Il dossier di Pier Luigi Petrillo 
Il dossier, studiato a New Delhi e redatto da Pier Luigi Petrillo, pone l’accento sugli “sforzi compiuti dalle comunità italiane negli ultimi sessant’anni, con il contributo di istituzioni e realtà culturali attive nella tutela e nella divulgazione delle tradizioni gastronomiche. Tra queste, l’Unesco cita la rivista La Cucina Italiana, l’Accademia Italiana della Cucina e la Fondazione Casa Artusi, considerate testimonianze dell’impegno nel preservare e trasmettere saperi, tecniche e valori legati al cibo“. Il lavoro congiunto di questi organismi ha consentito di mettere in evidenza il carattere partecipativo e diffuso delle pratiche culinarie nazionali, offrendo una visione articolata del patrimonio immateriale associato alla cucina.

L’Italia prima nei patrimoni legati all’agroalimentare
 Questo riconoscimento all’Italia consolida un record nell’agroalimentare a livello internazionale. “Su ventuno tradizioni riconosciute dall’Unesco, nove riguardano infatti pratiche collegate al cibo e alla cultura agricola.

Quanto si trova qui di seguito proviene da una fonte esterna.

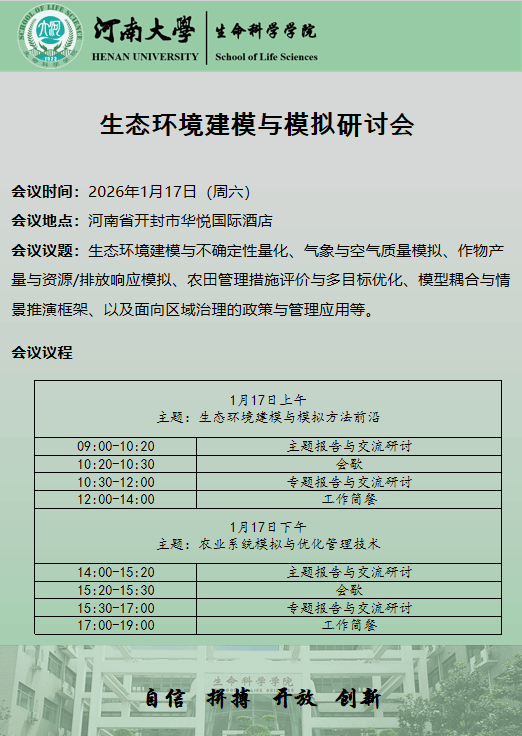 生态环境建模与模拟研讨会(时间:1月17日)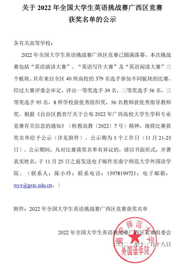 2022年11月21日,广西本科教育网公布了2022年全国大学生英语挑战赛广西区竞赛获奖名单。我校学生朱易荣获“英语写作大赛”板块二等奖 ,吴语桐荣获“英语写作大赛”板块三等奖、“英语阅读大赛”板块三等奖。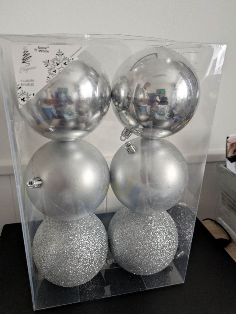 Brand new pack of large Christmas baubles. Silver. Approximately 3". Collection only from Offerton, Stockport.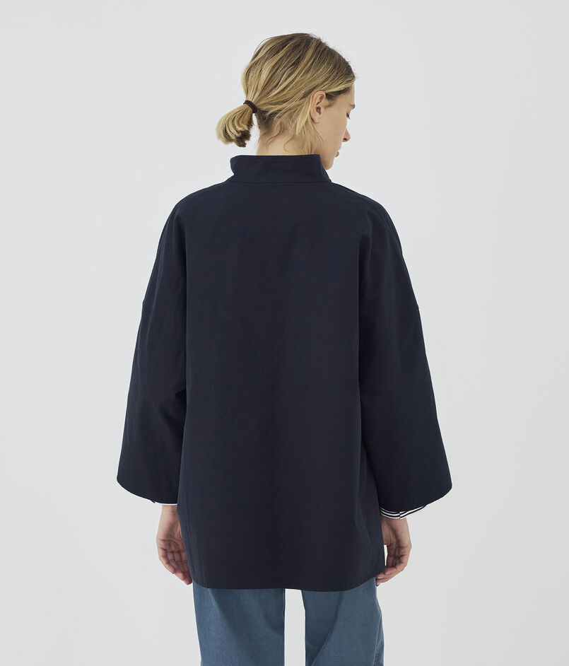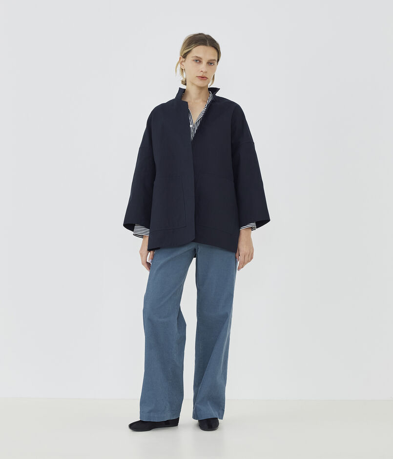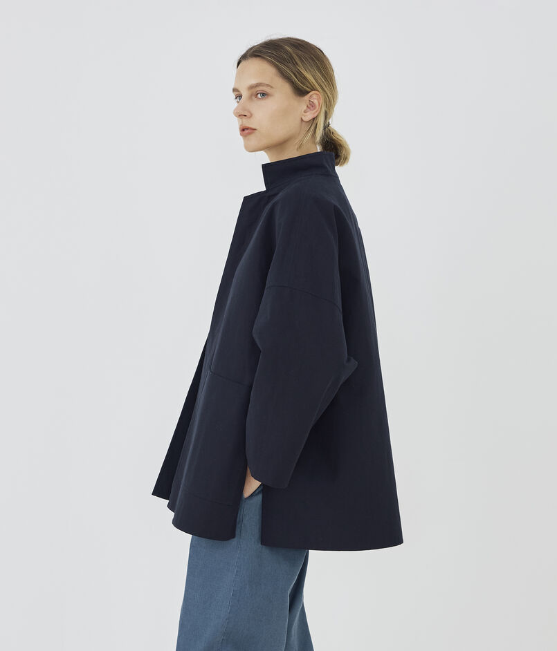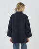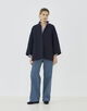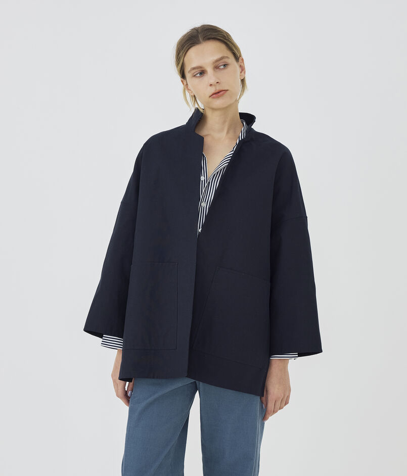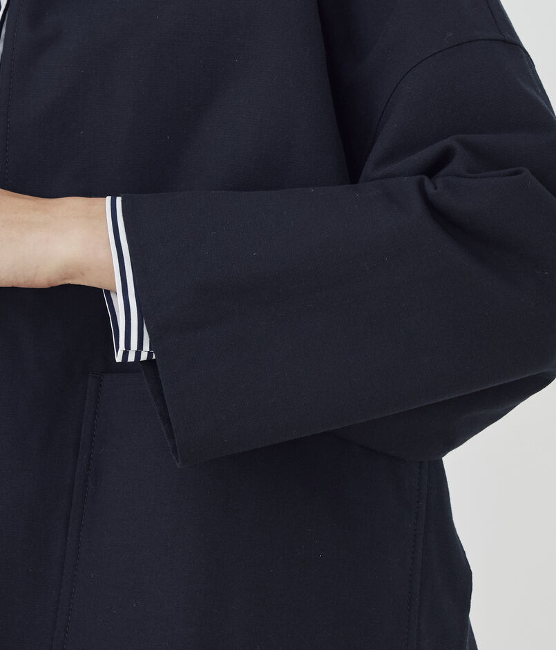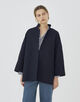 ショートコートはゆったりとしたドルマンスリーブに身体から離れるワイドシルエットでリラックス感のある一着。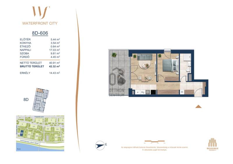 Projekt bemutatásaA projektrőlA Waterfront City egy új, modern városnegyed a 3. kerületben, ahol a természet közelsége és a városi kényelem tökéletes egyensúlyban van. A Duna-part közvetlen szomszédságában elhelyezkedő fejlesztés különleges atmoszférát kínál: a sétányt új épületek határolják, üzletekkel, kávézókkal és szolgáltatásokkal, amelyek élhető közösségi teret teremtenek.A 13 emeletes lakóépületből lenyűgöző örökpanoráma nyílik a budai hegyekre és a folyóra, a tágas teraszok pedig ideálisak a pihenéshez vagy a baráti összejövetelekhez. A zöldtetők, parkosított terek és fenntartható megoldások – mint az energiatakarékos rendszerek és okos otthon funkciók – mind hozzájárulnak a modern, környezettudatos életstílushoz.Látogass el értékesítési irodánkba, és tekintsd meg a városnegyed makettjét személyesen! Ismerd meg, milyen lesz az élet Budapest egyik legizgalmasabb új fejlesztésében!Óbuda szívébenKépzeld el, ahogy egy napsütéses délelőttön Óbuda szívében sétálsz, a Duna közelsége frissítően hat rád, miközben a Folyamőr utca, a Miklós tér és a Bogdáni út által határolt, öt hektáros területre érsz. A levegőben ott van a város történelme, mégis minden részletében a jövő hívogat.A 50 000 négyzetméteres területen egy hangulatos sétány vezet végig, amely egyenesen az óbudai Fő térre visz – mindössze 600 méterre. Ez a sétány nem csupán összeköt, hanem élményt nyújt: a Kolosy térről induló Óbudai Promenád részeként a város egyik legélhetőbb, legpezsgőbb szakaszán haladsz végig. És ha biciklivel érkeznél? A nemzetközi kerékpárút is itt halad el, Szentendre felé vezetve.Az 5. ütemben épülő 149 lakás mindegyike egyedi hangulatot kínál. Ahogy belépsz egy-egy otthonba, a hatalmas üvegfelületeken át beáradó fény és a tágas, szellős terek azonnal magukkal ragadnak. A kilátás? A Kaszap István park zöldje nyújt békét, míg a felsőbb emeletekről a Budai-hegység örökpanorámája tárul eléd – minden nap egy új festmény az ablakodban.A 6. ütemben 316 modern lakás épül, tágas teraszokkal és lenyűgöző kilátással a Dunára és a budai hegyekre. A lakók kényelmét őrszolgálat, kamerarendszer, mélygarázs, vendéglátóhelyek, belső park, játszótér és E-autó töltők szolgálják. Ez a projekt utolsó üteme, amely még közvetlen Duna-parti kapcsolattal rendelkezik.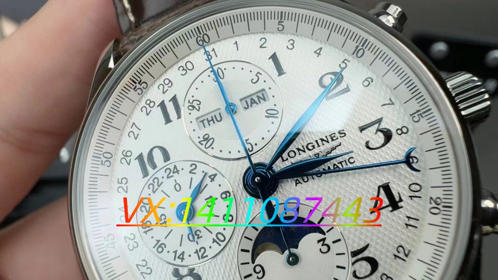 GS 廠浪琴八針月相腕表的鏡面采用藍(lán)寶石材質(zhì),通透度與正品不相上下。與白色盤面相互映襯,整體質(zhì)感盡顯。從盤面上,月相、計(jì)時、全歷顯示、24 時等諸多復(fù)雜功能布局精巧,呈現(xiàn)出絕佳的視覺效果,淋漓盡致地展現(xiàn)了浪琴卓越的制表技藝。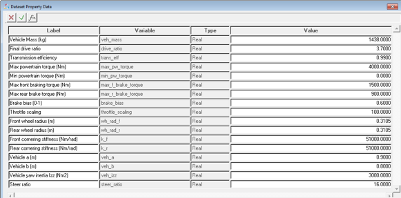 一部のドライバーコントローラー(フィードフォワードコントローラー、ギアシフトコントローラー)は、車両情報を必要とします。この情報は、データセットを使って提供され得ます。これらのコントローラーが使用されていない場合、このデータセットは取り込む必要がありません。グラフィカルユーザーインターフェースは自動的にこれらのデータセットを入力します。図 1.
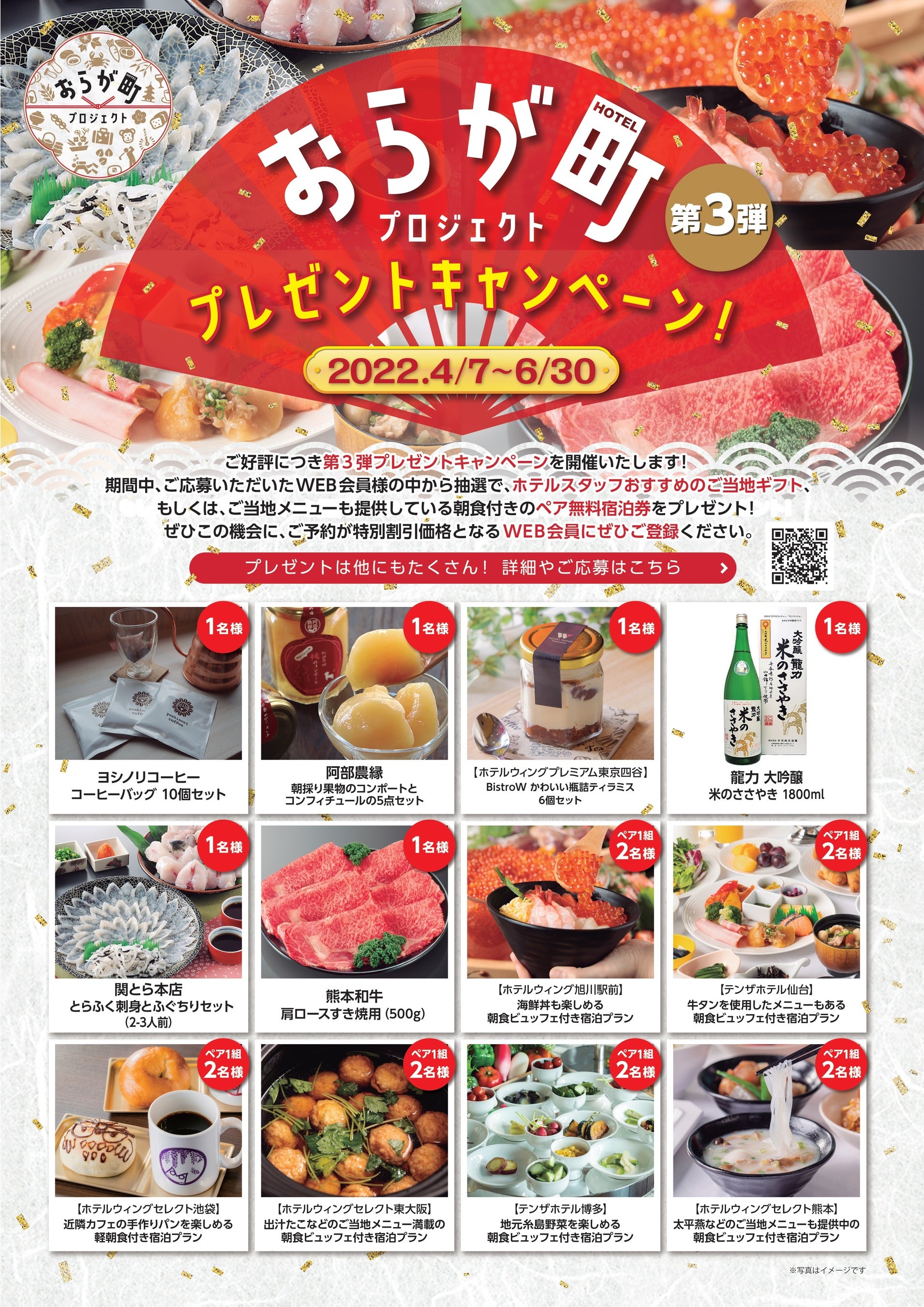 ホテルを基軸に地域の食や観光資源の魅力を発信する「おらが町プロジェクト」。朝食付き宿泊券やご当地グルメが当たるプレゼントキャンペーン 4月7日スタート!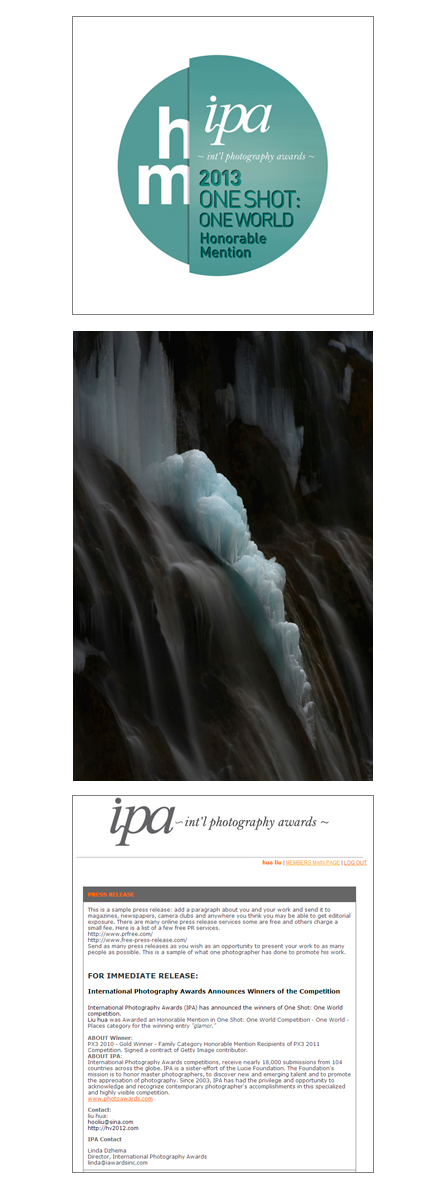 于2014年4月,不经意的查询,收到来自美国IPA国际摄影奖 获奖通知: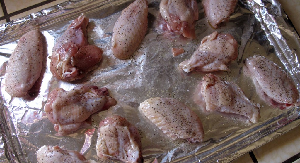 Prepare the wings. If you’ve purchased pre-cut sections, great – skip to the next step. If your wings are whole, as mine were, there’s a little work to be done.
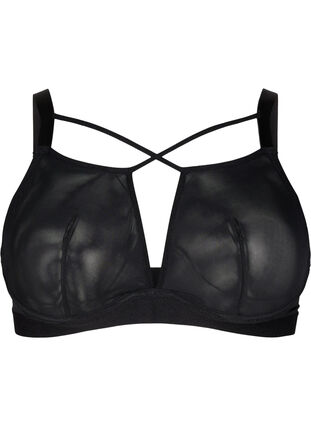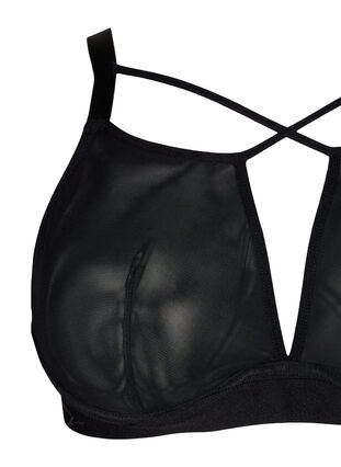 Schöner BH in dehnbaren Mesh-Material mit elastischem Bänder-Detail über dem Busen. Er hat verstellbare Träger, einen elastischen Rand unter der Brust und einen Bügel, der an den Seiten und unter der Brust für Halt sorgt. Er schließt in der Mitte ab und geht nicht wie ein klassischer Bügel-BH zwischen den Brüsten hoch.

Oltre alla cucina italiana, figurano l’arte dei pizzaiuoli napoletani, la transumanza, la costruzione dei muretti a secco, la coltivazione ad alberello dello zibibbo di Pantelleria, la dieta mediterranea, la cerca e cava del tartufo, i sistemi irrigui tradizionali e l’allevamento dei cavalli lipizzani. Questo insieme di riconoscimenti sottolinea la continuità tra storia agricola, tradizioni locali e innovazione, elementi che rappresentano un tratto distintivo del patrimonio culturale del Paese e contribuiscono alla sua valorizzazione a livello internazionale“.